There are also many women, perfectly happy, well-adjusted women, who don’t want kids. Elizabeth Gilbert, best-selling author of Eat, Pray, Love is one of them. She writes about her blissful childlessness in her book, Committed. Gilbert, successful and talented, is widely criticized for her self-absorption.

But here’s a crazy idea: having kids is actually just about the most selfish act (read un-idealized-feminine) a human can engage in. Rapidly growing world population issues aside, we have children because we think it will make our own lives more fulfilling; we want to create another human being with someone we love; or we are seeking immortality by continuing our gene pools. That selfishness isn’t bad by the way. All ‘good’ deeds are self-centered. God was smart that way. We give money away because it feels good or work for causes or support political candidates because they further our personal beliefs. But as Erica Jong notes in her recent Wall Street Journal article, when women have kids, their worlds can become very small and limited, mothers turning away from the world’s unsolvable, overwhelming issues into the self absorption of their own families.

The species needs to reproduce, we all know that. Having kids can be incredibly fulfilling, and it’s great that so many of us do it. But the under-reported story is not only the well-adjusted, happy women who live fulling lives that don’t involve children at all, but a culture, still desperately lacking in celebrating women’s other creative acts.
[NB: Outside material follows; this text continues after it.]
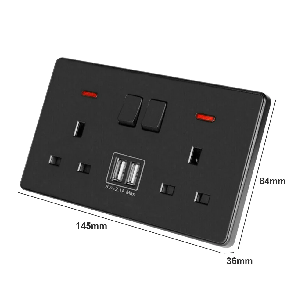 Features:*Made by fireproof PC material, high temperature resistant and safe to use.*Conductive carrier is used thick copper for good conductivity.*Easy to install and easy to use, power saving.*With UK plug so you can use it anywhere、anytime and easy to install.*Perfect for homes, offices and work places with a limited amount of wall plate.Description:This USB Wall plate provides two standard AC plug wall electrical outlet and 2 USB outlets for charging Cell Phones, Tablets, and USB devices etc.AC plug design, effectively avoid danger of electric shock.Specifications:Material: PC, CopperColor: White/ BlackVoltage: AC100-250V 13AUSB output parameter: DC 5V/2.1A(max)Each Package Included:1 x Rechargeable Wall UK Socket Plate2 x Screws

5 thoughts on “Childless and happy

  1. Pingback: Best-selling Author, Elizabeth Gilbert, Says Childless Women are Just Fine | CMomA.org

  2. Pingback: Are childless women happy? « ReelGirl

  3. The post that I read is from Jennifer b. As a male, I do not nor have I ever understood the genetic predisposition to procreate that females seem to succumb to. I have always searched for a female partner who has the same desire to experience and share all that a couple can…save for that agonizing period of nine months that the female would endure while bringing a baby to term, birthing it, and the lifetime of sacrifice that follows.
    Divorce rate, economy, and a general attitude that most children are surprises anyway lead me to believe that somewhere there should be at least one realistic female who is interested in a life NOT devoted to children. There are incidentally, Other Peoples’ Kids. OPK that one can experience and maybe even enjoy without having to take them home.
    Most recently, I have seen children (all of them male children and having their own true birth father who is accessible) growing up lazy and needy, living in their parents’ (one or the other) homes forever, never venturing forth to build their own lives, never putting forth an ounce of effort, and their parents considering THAT as NORMAL. Or if not completely normal, then certainly NOT THE CHILD’S FAULT. I personally take notes from afar and within myself, I find that picture completely hideous. No true male role models and mothers who not only encourage laziness and disrespect, but also defend it. No thanks.
    I was a child once and now I choose to seek a love who wants to join hands with me and share our lifetimes together. I’ve been a father to a few children along the way. The experience was indeed enriching but certainly not anything like what I have witnessed lately. As an adult I have been responsible enough to remain childless by choice during my search for a female partner.
    I know that it is ONLY a female partner that I seek. I’m among a minority I know, but I dream of making an acquaintance with whom I can share my life and hers WITHOUT noisy, lazy, ungrateful, destructive children. The times, they have changed. But know that females are not incubators and their bodies should not be considered as such.
    So stop irresponsibly littering the countryside with children; children who might have the deck stacked against them from the start. Reconsider the bond between a man and a woman.
    That said, where exactly is the passion and romance?

    • A well considered response, this is how it should be a man and woman, Life together should be the two of you. You can both decide to have children or not but ultimately if you chose the partner whom you love regardless, then happiness is sure to prevail.

      The difficulty arises when circumstances beyond your control play a fateful hand.